ASSIGNED TASK: Below are the records; count how many of their lines hold the string "access" and give the number alone.

================

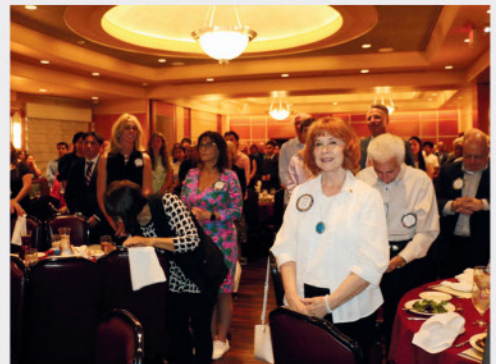
With a Packed Room at Lawry's, the Meeting Begins with an Invocation and the Pledge.
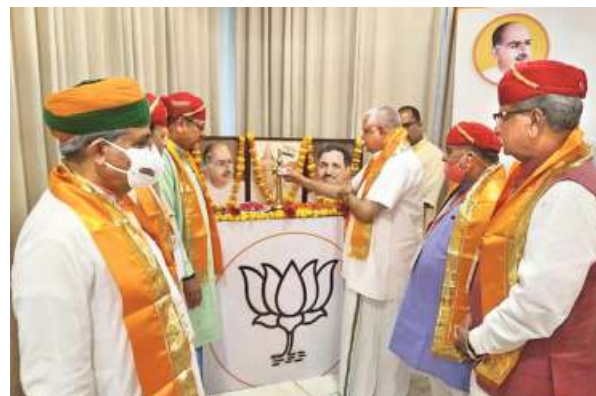
BJP national general secretary B.L. Santosh inaugurating the party's meeting at Kumbhalgarh.

A two-day brainstorming meeting of Bharatiya Janata Party's Rajasthan unit, held at Kumbhalgarh, addressed the issues of weaknesses as an Opposition party and internal differences, while discussing strategies for the 2023 Assembly election. The performance of all the 71 BJP MLAs was also evaluated on the occasion.
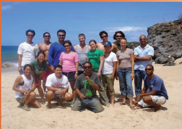
Pacific Century Fellows/Nature Conservancy restoration access, Sept. 10-13.

* The KIRC is a 170(c)(1), authorized, per IRS Publication 557, to receive tax-deductible contributions to programs, such as those listed above, that serve a public purpose. Donors should always consult with their tax advisors before claiming any tax-deductible charitable contributions.
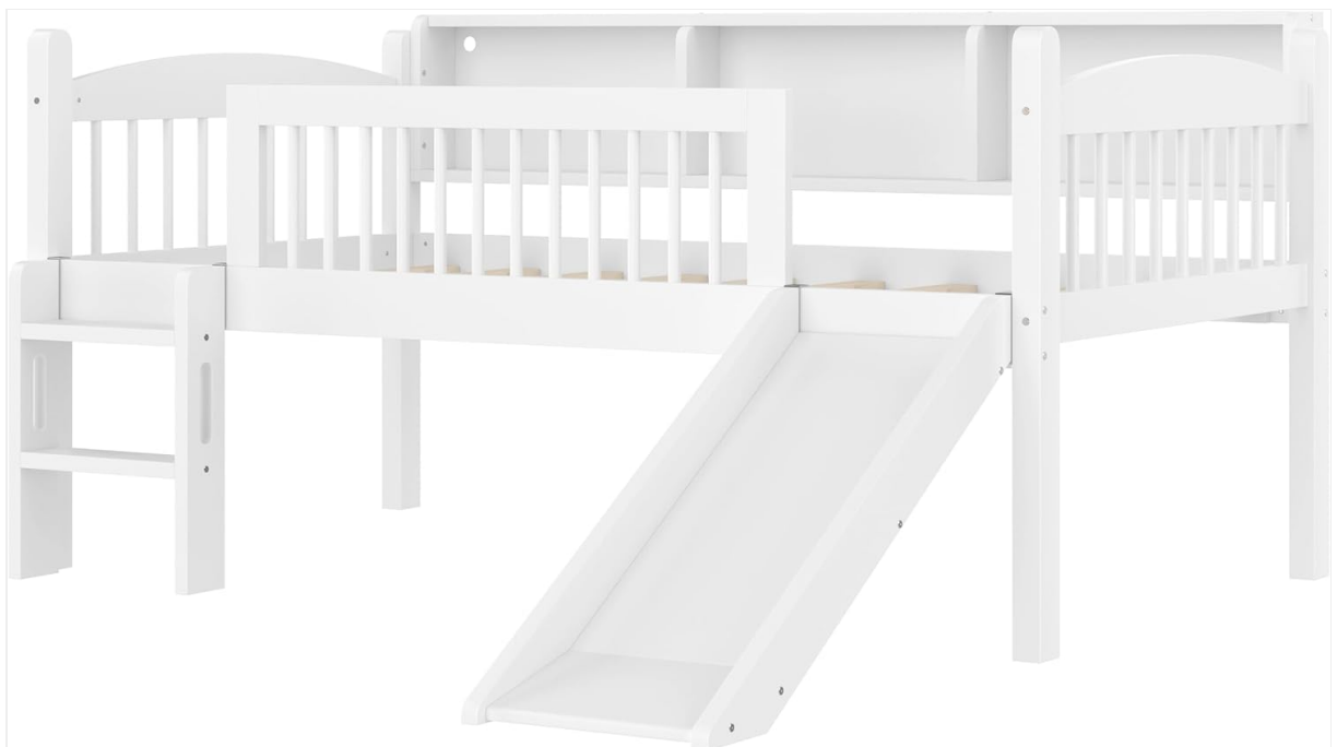
Image: An angled view of the Bellemave Twin Loft Bed, illustrating the overall structure with the ladder and slide attached,
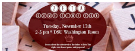
ZTA Game Time 77K
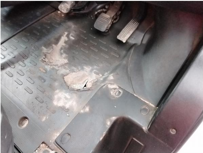
5: Carpets Front Torn Over 10mm
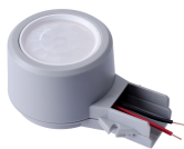
BY288X PIR Sensor Ordercode 911401517331
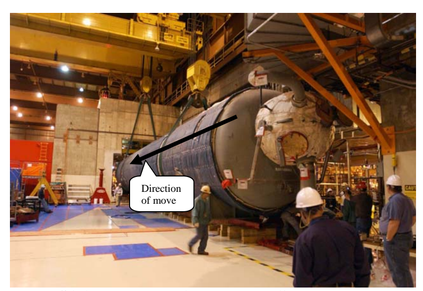
Sliding new vessel into place to 2" clearance
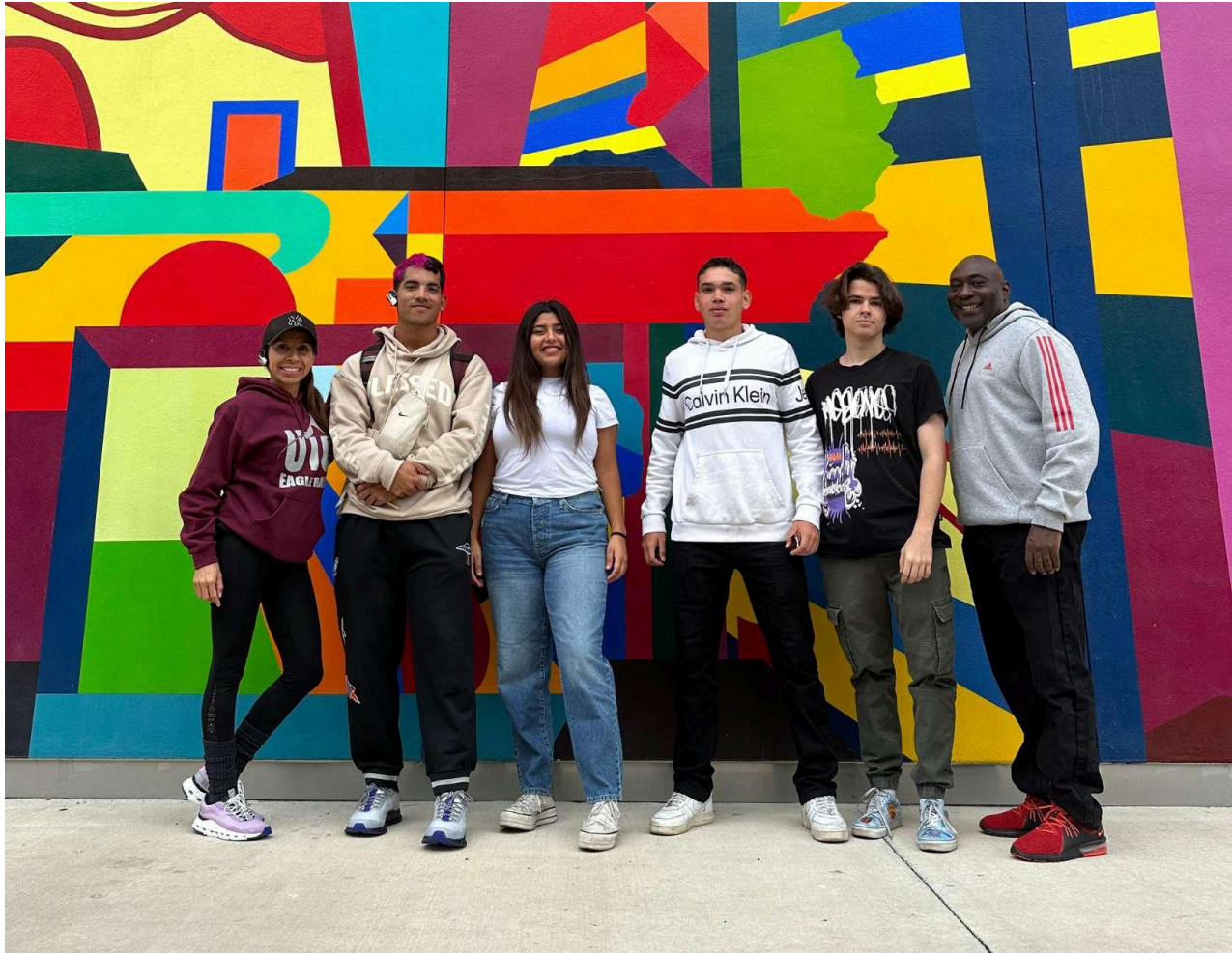
Field Trip to Miami Art Basel "On Tour" Winter 2023

All Credit Courses from within this division or any other division can be used as recommended electives
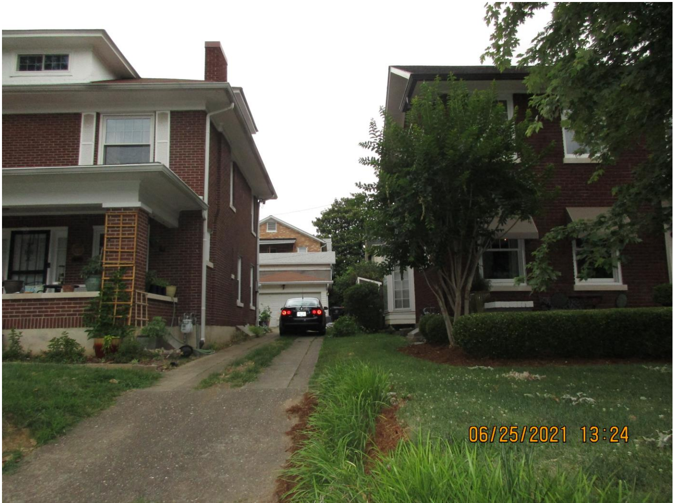
Existing side yard setback.
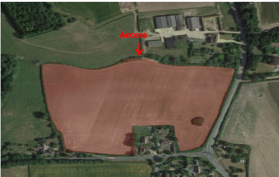
'Parcel 5 in Block Red'

The site at circa 5.9 hectares is located to the north of Hanley Castle's settlement boundary. To the south is a private drive to existing residential dwellings. To the north is Merevale Farm and to the west is Parsonage Farm. The site is bounded by the B4211 to the east.
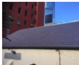
After Photographs - Reference F3925 2016
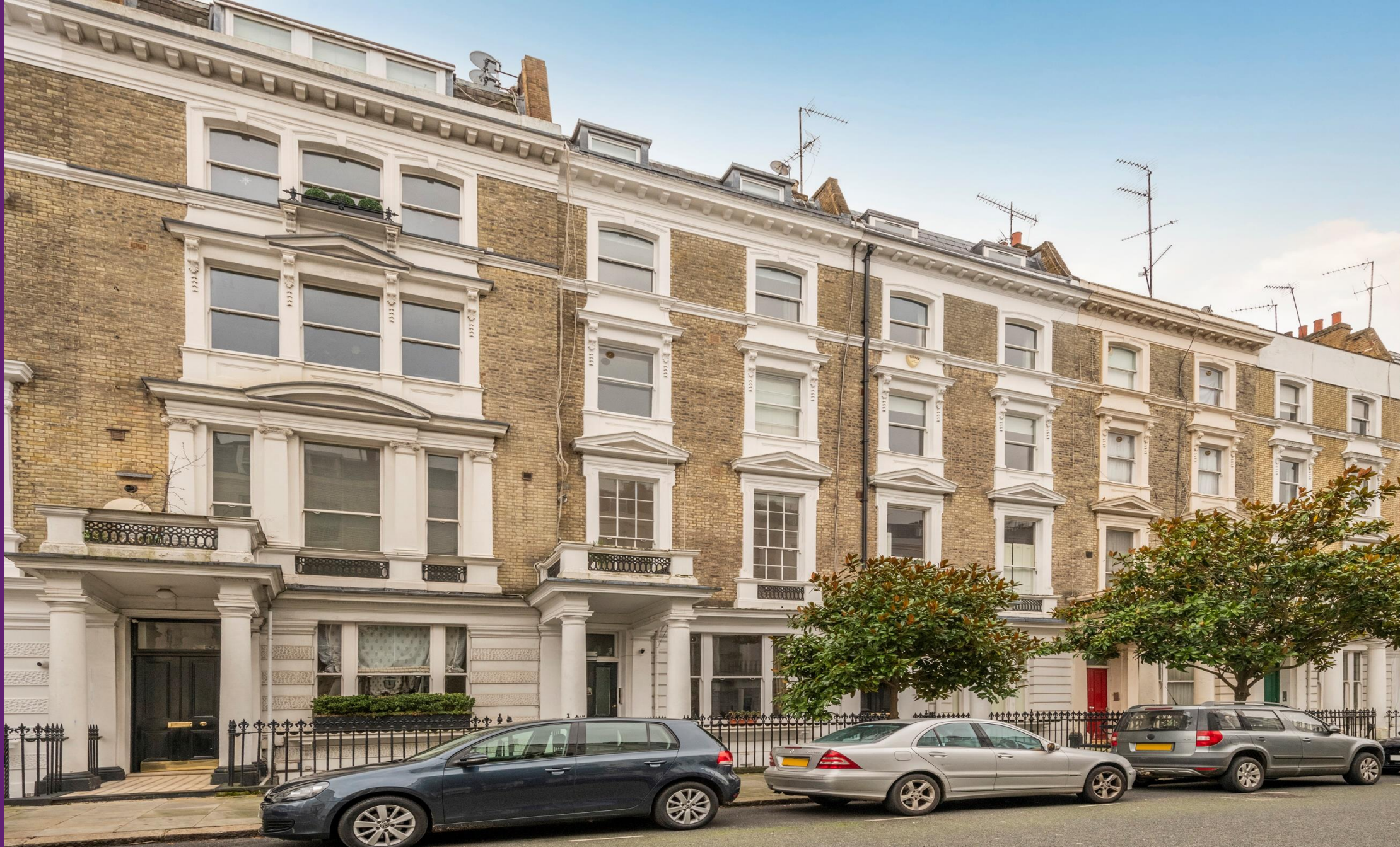
Arundel Gardens Notting Hill, W11
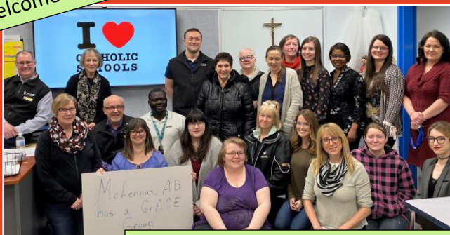
McLennan- Holy Family Catholic Schools

The mission of GrACE is to inspire, invigorate and embolden the spirit of Catholic education in order to unite, engage, educate and communicate with one voice on its behalf.
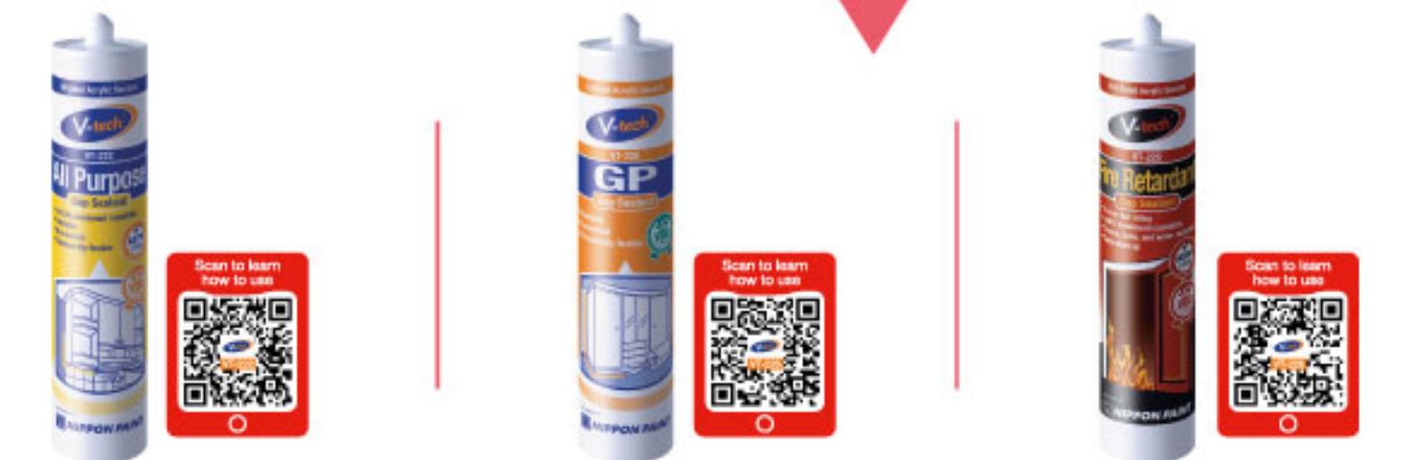
VT-222 All Purpose Gap Sealant
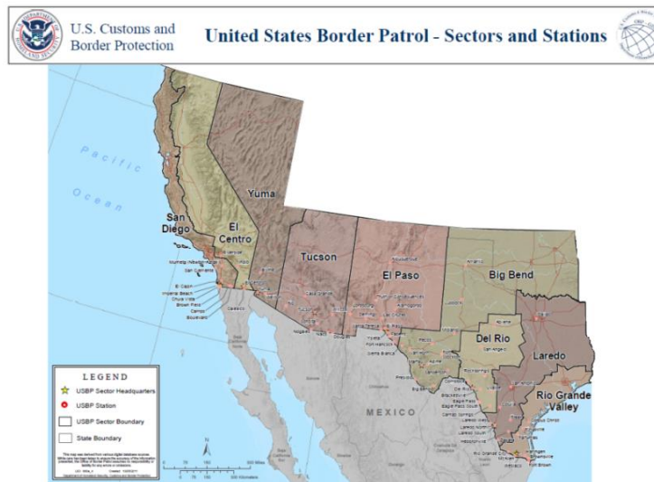
Figure 1: Nine Sectors of the U.S.-Mexico Border

Each of the nine sectors of the U.S.-Mexico border has unique terrain and faces endemic challenges. 81 For example, the RGV sector border is in the middle of the Rio Grande, a narrow, often shallow, and easily navigable river. Smugglers cross the Rio Grande by foot, raft, or, in some locations, vehicles. 82 This makes enforcement and security quite daunting. In Arizona, two mountain ranges provide concealment for smugglers and illegal crossers. Additionally, protected lands, including national forests, wildlife refuges, military training ranges, and a Native American Reservation, restrict access to approximately 80 percent of the border in the Tucson and Yuma sectors. 83
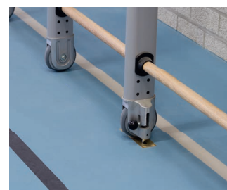
Locking system and floor anchor
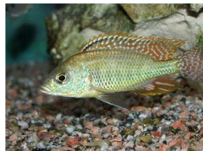
Tramitichromis sp. "Unknown" this species is often sold as Tramitichromis intermedius , but it is not the true intermedius Dave Schumacher
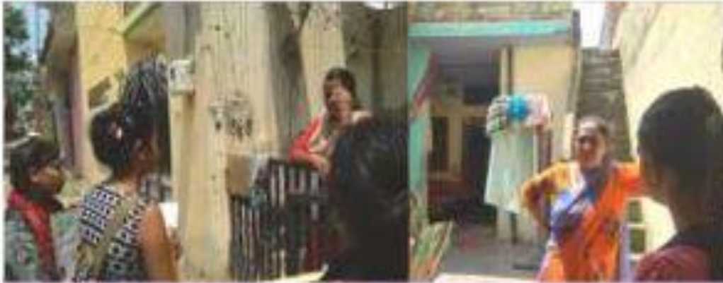
Door to Door campaign by NSS volunteers of college
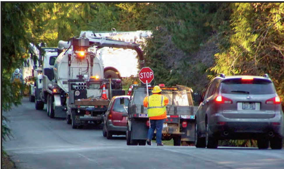
Small armada of utility equipment responding to failing underground electrical cables on Kala Point Drive.

conductors. Plastic insulation on the heavy copper and aluminum primary cables, each carrying as much as 13.2 Kilo-Volts (KV), simply wears out over time in contact with soils, and heat stressed with more and more connected homes.
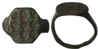
961 Ancient bronze stamp ring (22mm, 3,99g)

================

RESPONSE BELOW: 2